Tidak usah ragu. Padahal dari awalnya, kamu telah sadar,  lampiaskan saja kekesalanmu itu. Di depanku. Daripada harus menghilang, menghindar kejam, membuat aku mencari-cari. Dari apa yang kulihat, perhatianku yang masih berhasil kamu curi, kamu sudah tinggalkan semua. Sampai lupa mengajariku agar bisa secepat kamu, melupakan, meninggalkan semuanya yang dulu ada dan kita harap akan berlanjut. Aah, suaramu. Tiba-tiba aku teringat suaramu yang lembut, yang intonasinya bisa kau tempatkan sesuai situasi. Kamu bisa berbicara keras dengan teman-teman laki-laki mu, tapi ketika dengan wanita, begitu juga aku. Kamu bisa melemahlembutkan suaramu. Membuatnya menjadi sesuatu yang memang harus diingat bukan untuk ditinggalkan.

Suaramu menjadi begitu penting untukku. Menggantikan ragamu yang tak lagi utuh, pergi menjauh dari hadapanku. Suaramu menjadi satu-satunya yang tersisa, yang hadir liar ketika kamu kurindukan. Kenangan suci yang tidak bisa aku lupakan. Kamu tau? Yang paling kuingat ketika kamu menyebut namaku, memanggilku. Walaupun aku tidak tau apakah ada perasaan dalam bibir tegasmu ketika menyebut namaku. Yang jelas, ketika gelombang udara itu yang kau hembuskan menjadi intonasi berirama lembut, namaku menjadi sakral di telingaku. Aku merasa namaku menjadi sesuatu yang harus kau leburkan setiap hari dalam serak suaramu. Menegaskanmu begitu sifat kebapak-an tanpa menghilangkan kesan lembut romantis dalam dirimu. Suaramu mencerminkanmu betapa kamu memiliki ketegasan yang kau tunjukkan dengan kesopananmu, penghormatanmu, yang mampu membuatku nyaman dan terlindungi.
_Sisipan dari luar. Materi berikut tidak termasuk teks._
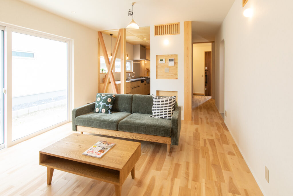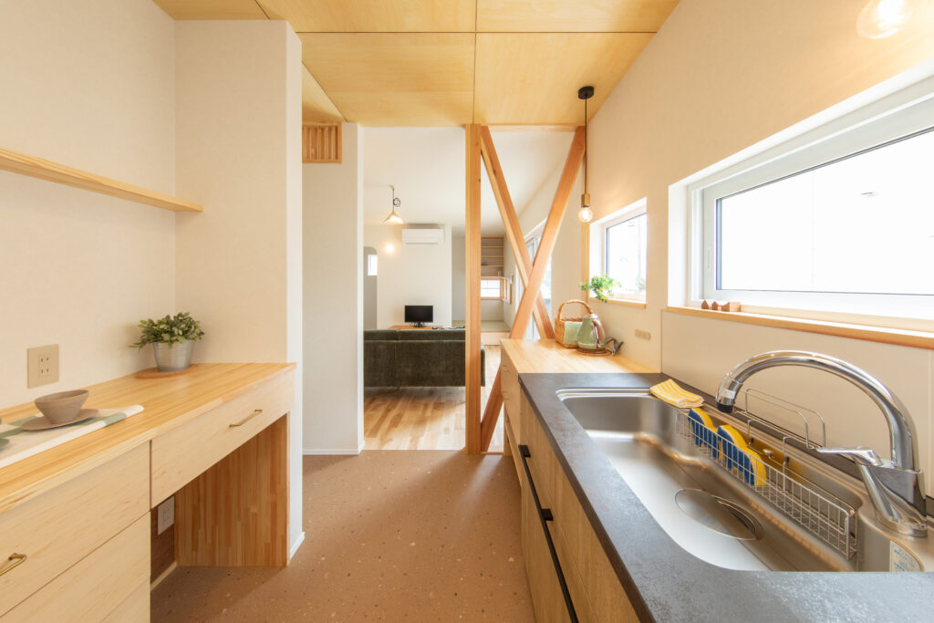 壁付けキッチンは油煙の広がりが少ないので掃除も楽々。壁付けキッチンでもリビングへの視線が抜けるように筋交いを表しにして、家族が集まりやすい空間に。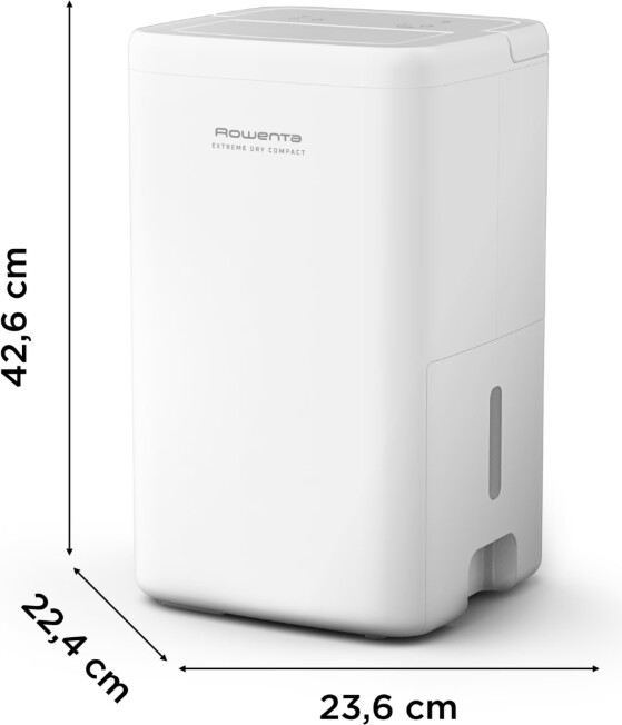 Оптимално ежедневно обезвлажняване по тих начин и с компактен дизайн Открийте високоефективен влагоабсорбатор, който премахва до 14 литра влага на ден. Идеален за пространства до 38 м2 / 95 м2, Extreme Dry Compact се бори с мухъл, прахови акари и миризми, помага за бързото и нежно изсушаване на прането и дори подобрява качеството на въздуха с филтър против прах. Възползвайте се от набор от удобни функции, наблюдение на влажността в реално време, плюс компактен дизайн и тиха работа, която е едновременно дискретна и лесна за носене.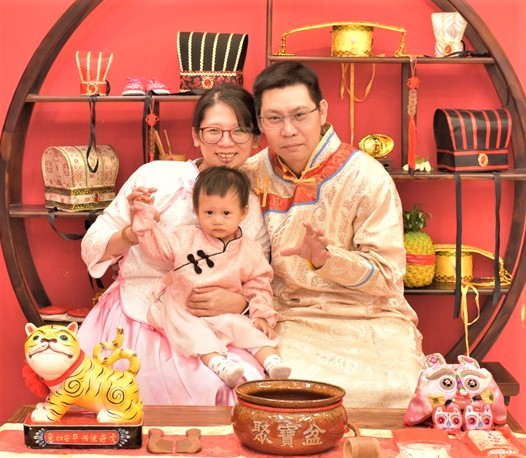 曾家,全家選擇(中國風與韓式風格古裝禮服)參加傳家嬰兒古禮抓周,活動與拍照紀念,中國風古裝禮服吉祥喜氣、象徵富貴、平安。韓式風格古裝禮服喜氣高雅、象徵富貴、福氣。2021/04/10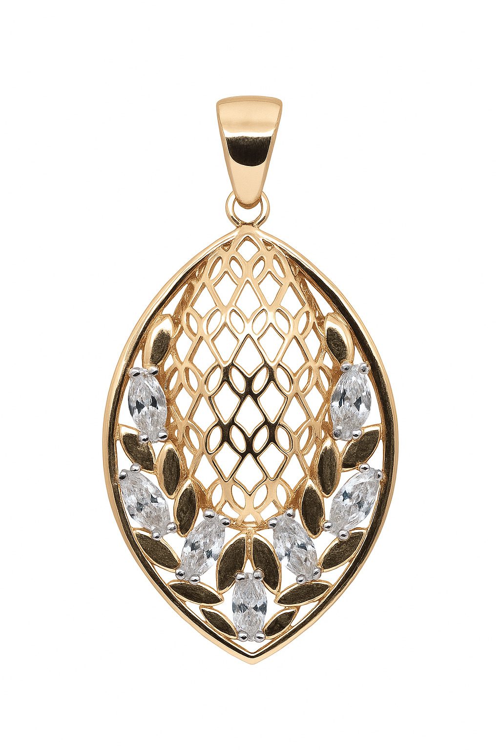 Zachwycająca złota zawieszka o finezyjnym, ażurowym wzorze, wykonana z żółtego złota próby 585 i ozdobiona lśniącymi cyrkoniami w kształcie markizy. Precyzyjne wykonanie i lekka forma sprawiają, że zawieszka prezentuje się niezwykle stylowo i kobieco.

Godaan-godaan kecil yang kau berikan. Yang sengaja kau lontarkan untuk menghancurkan jarak aneh yang kusebut canggung. Untuk menghangatkan kebersamaan yang dingin ini. Agar kita bebas berbicara tanpa berpikir pantas atau tidak. Permulaan untuk saling menerima kekurangan masing-masing yang bisa kita perbaiki jika kita bersama. Permulaan yang tak kita temukan jalan akhirnya. Bercabang, membuat kita kebingungan mencari arah. Memutuskan untuk berpisah, memeriksa masing-masing jalan dan akhirnya tersesat. Hanya suaramu yang memanduku. Menguatkanku untuk menemukan cahaya terang di ujung sana. Hanya suaramu yang pada akhirnya keluar bersamaku. Di mana kamu? Kutunggu tak muncul, ku nanti tak kunjung datang.

Ternyata jalan bercabang yang kau tempuh memiliki cabang lain yang akhirnya kau ambil. Terang di ujung yang dapat kau temukan dengan mudah tetapi justru semakin menjauhkan kita berdua.